Requirement:
Word for word, copy the data that follows and skip its pictures.

Entries supplied:
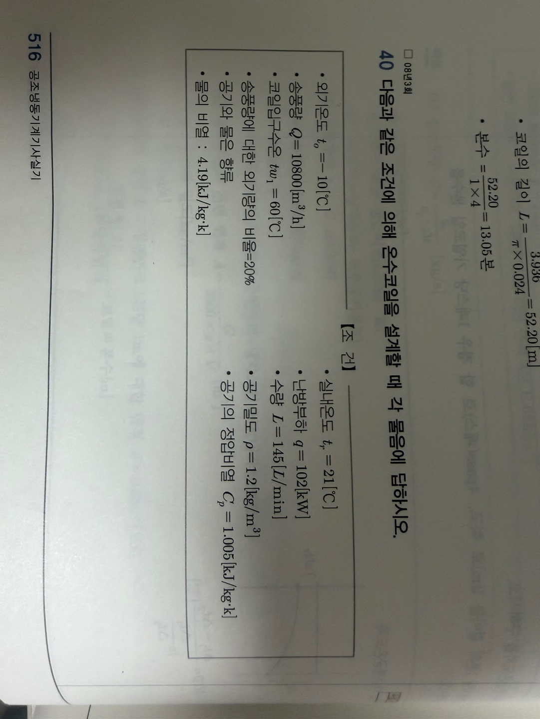 상기 제목과 같이 난방부하 40번문제 516p 중 주어진 난방 부하는 102kW인데, 40번 중 6번 문제 열평형식 10800*1.2*1.005*(49.19-14.8)/3600 적용 시 124kW가 도출 되어
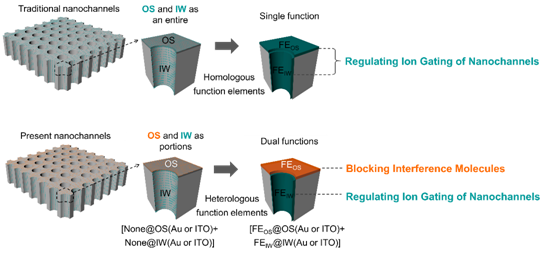 夏帆教授团队的最新研究成果——《纳米孔道截然不同的功能元素:外表面功能分子抗干扰,内表面功能分子离子门控》。研究成果将纳米尺度的孔道材料进行了精细的功能分区,并实现了单一孔道的双重功能化,为纳米限域空间内加工技术,表征技术和分区域功能化技术提供了新的研究思路。
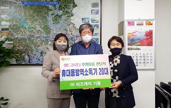 ㈜비즈케어는 위드코로나 시대에 대비해 자사가 자체 개발해 판매중인 휴대용 전동방역소독기 20대와 소독액을 지난 5일 순천시에 전달했다.
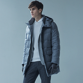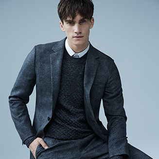 クリーンなイメージと優しげな印象が漂うライトグレーは、カルバン・クライン プラティナム・レーベルが得意とするカラーパレット。ぜひ、トーン・オン・トーンのコーディネートで着こなしてほしい。
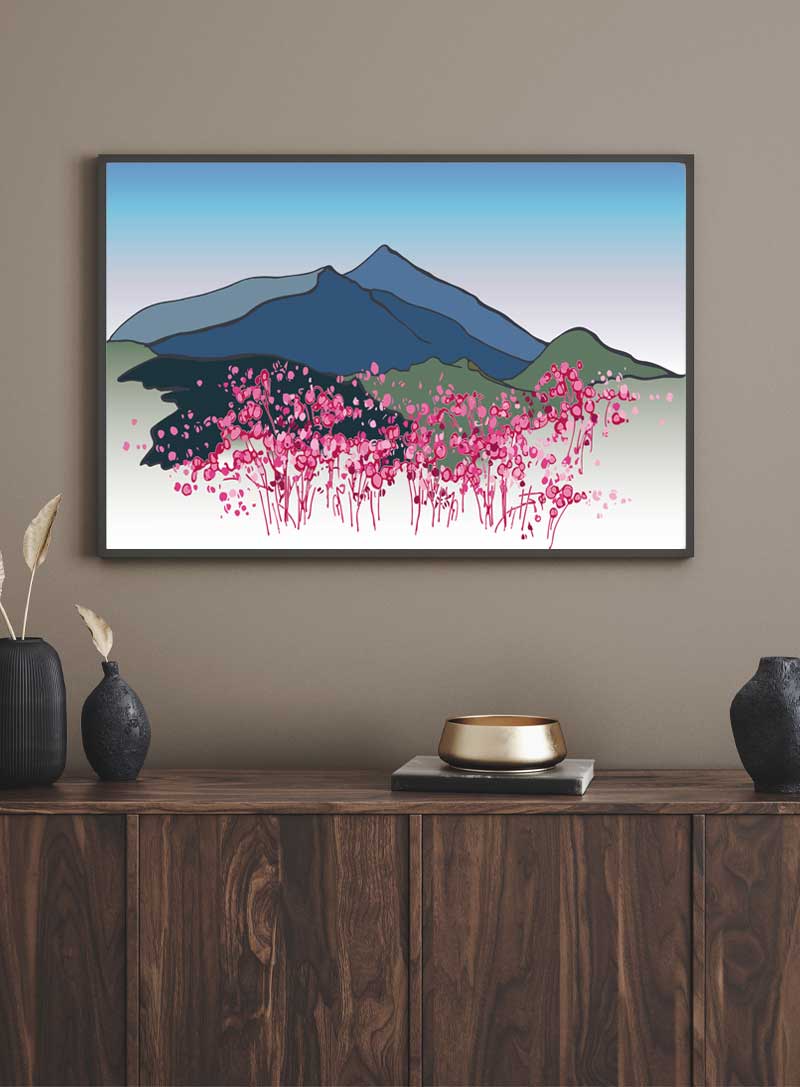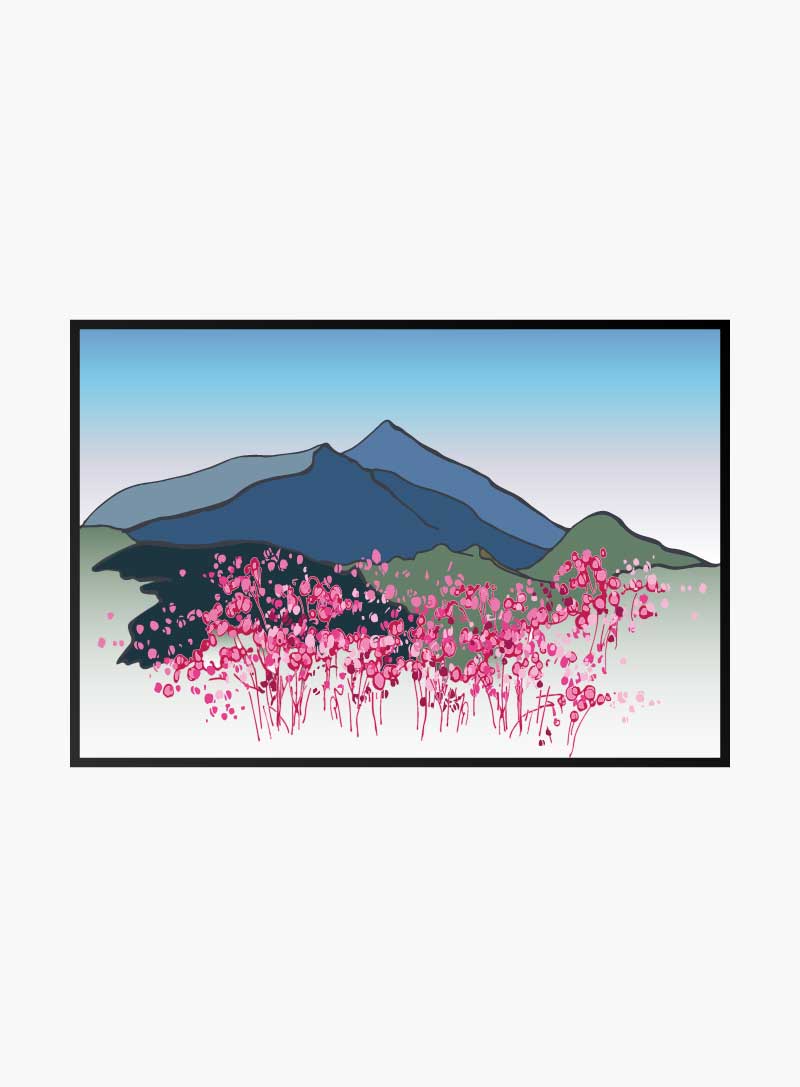 ลองชมความงามอันสงบเงียบของภูเขาที่ปกคลุมด้วยละอองดอกไม้สีชมพู ภาพที่บอกเล่าถึงความงดงามอันสงบและยั่งยืนของธรรมชาติ.

Result for this task:
 상기 제목과 같이 난방부하 40번문제 516p 중 주어진 난방 부하는 102kW인데, 40번 중 6번 문제 열평형식 10800*1.2*1.005*(49.19-14.8)/3600 적용 시 124kW가 도출 되어
 夏帆教授团队的最新研究成果——《纳米孔道截然不同的功能元素:外表面功能分子抗干扰,内表面功能分子离子门控》。研究成果将纳米尺度的孔道材料进行了精细的功能分区,并实现了单一孔道的双重功能化,为纳米限域空间内加工技术,表征技术和分区域功能化技术提供了新的研究思路。
 ㈜비즈케어는 위드코로나 시대에 대비해 자사가 자체 개발해 판매중인 휴대용 전동방역소독기 20대와 소독액을 지난 5일 순천시에 전달했다.
 クリーンなイメージと優しげな印象が漂うライトグレーは、カルバン・クライン プラティナム・レーベルが得意とするカラーパレット。ぜひ、トーン・オン・トーンのコーディネートで着こなしてほしい。
 ลองชมความงามอันสงบเงียบของภูเขาที่ปกคลุมด้วยละอองดอกไม้สีชมพู ภาพที่บอกเล่าถึงความงดงามอันสงบและยั่งยืนของธรรมชาติ.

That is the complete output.